Van Horn praised the job Vitello has done at Tennessee, but said he’s approaching this weekend as another SEC series.

“Once the game starts, it’s all about how the Razorbacks play,” Van Horn said. “It doesn’t matter who’s sitting in the other dugout.”

The Vols were 27-26 overall and 7-21 in 2017 in Dave Serrano’s final season as coach, then went 29-27 and 12-18 in Vitello’s first season.

Now Vitello has Tennessee positioned to make the NCAA Tournament for the first time since the Vols played in the College World Series in 2005.

“We inherited some nice pieces and we’ve been fortunate enough to land a great coaching staff and some good recruits early,” Vitello said. “So I think where we are right now is pretty good.

“Whether or not it’s ahead of schedule, I guess depends on your standards. We’re just trying to get every category of the program as good as possible as fast as possible.”

Vitello said his biggest move was hiring Frank Anderson from Houston to be the Vols’ pitching coach. Anderson previously was a head coach at Oklahoma State.

“I feel like we have the best pitching coach in the conference,” Vitello said. “On top of that he has head coaching experience, which is a big help to me.”

Tennessee’s pitching staff leads the nation with a 2.68 earned run average and nine shutouts, including a 5-0 victory over Gardner-Webb on Tuesday night.

The Vols’ rotation this weekend will be sophomore left-hander Garrett Crochet (3-2, 2.45 ERA), junior right-hander Garrett Stallings (7-2, 1.82 ERA) and junior right-hander Zach Linginfelter (6-4, 3.91 ERA).

Redmond Walsh, a sophomore left-hander, has seven saves and a 0.35 ERA.

“I don’t know that we have the one ace that everybody falls in line behind,” Vitello said. “I think it’s more that each weekend anyone could be the guy that throws the best — and that could be a long reliever or a guy at the back end of the game or one of those starters.

“It’s a staff with a lot of depth and lot of options.”

Tennessee started 17-1 — including a three-game sweep of Indiana and taking two of three games from Fresno State — but opened SEC play by losing three games at Auburn.

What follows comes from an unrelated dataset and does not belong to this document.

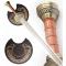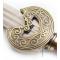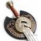 Magnifique replique de l'epee de l'honorable roi du rohan Theoden, inspiree du film "Le Seigneur des anneaux". La lame en acier est pre-affutee mais non tranchante. Elle possède une double gorge en son milieu. Le pommeau façon bronze vieilli, est très finement travaille. Le manche imitation bois d'acacia est royal. Superbe epee refletant a merveille l'esprit de ce monarque. Le support mural en bois decore est livre avec l'epee. Finitions parfaites. Longueur de la lame : 72cm Longueur totale : 89cm Vente interdite aux mineurs.

“It was tough,” Vitello said. “We were all on the bus, just kind of depressed. We knew then as a coaching staff we’d find out what we had in our ball club by how our guys reacted the next week.”

The Vols reacted by taking two of three games from South Carolina to start what’s been a 9-6 stretch in SEC play, including winning two of three games against overall conference leader Georgia.

“I think the big thing was there not any panic or anyone saying, ‘Here we go again,’” Vitello said. “The guys just kept it simple and were anxious for a chance to answer back.”

Van Horn said he’s not surprised Tennessee is playing so well in Vitello’s second season.

“I’m proud of Tony for what he’s done,” Van Horn said. “You’ve got your veteran pitching coach doing a great job. You’ve got a couple of younger guys [assistant coaches Josh Elander and Ross Kivetti] helping out. Then Tony is managing it and still doing a lot of recruiting.”

Vitello said he’s been so busy building up Tennessee’s program that he hasn’t had time to shave. After being clean-shaven when he took the job, Vitello now has a full beard.

“I thought about shaving, because I’m giving Hognoxious some material to work with this weekend,” Vitello said, referring to Arkansas fan Bobby Smittle and his reputation of heckling opponents. “I’ve got way too much hair on my face, but it was just one of those things where earlier this year I said, ‘Well, I’m going to stay warm for a while.’

"Then the weather has been so bad this spring everywhere I didn’t want to lose the beard.

“Lately it’s been, ‘Oh, the heck with it. I’m just going to leave it as is and worry about how I look when the season’s over.’“

The way Vitello has the Vols playing, that might be awhile.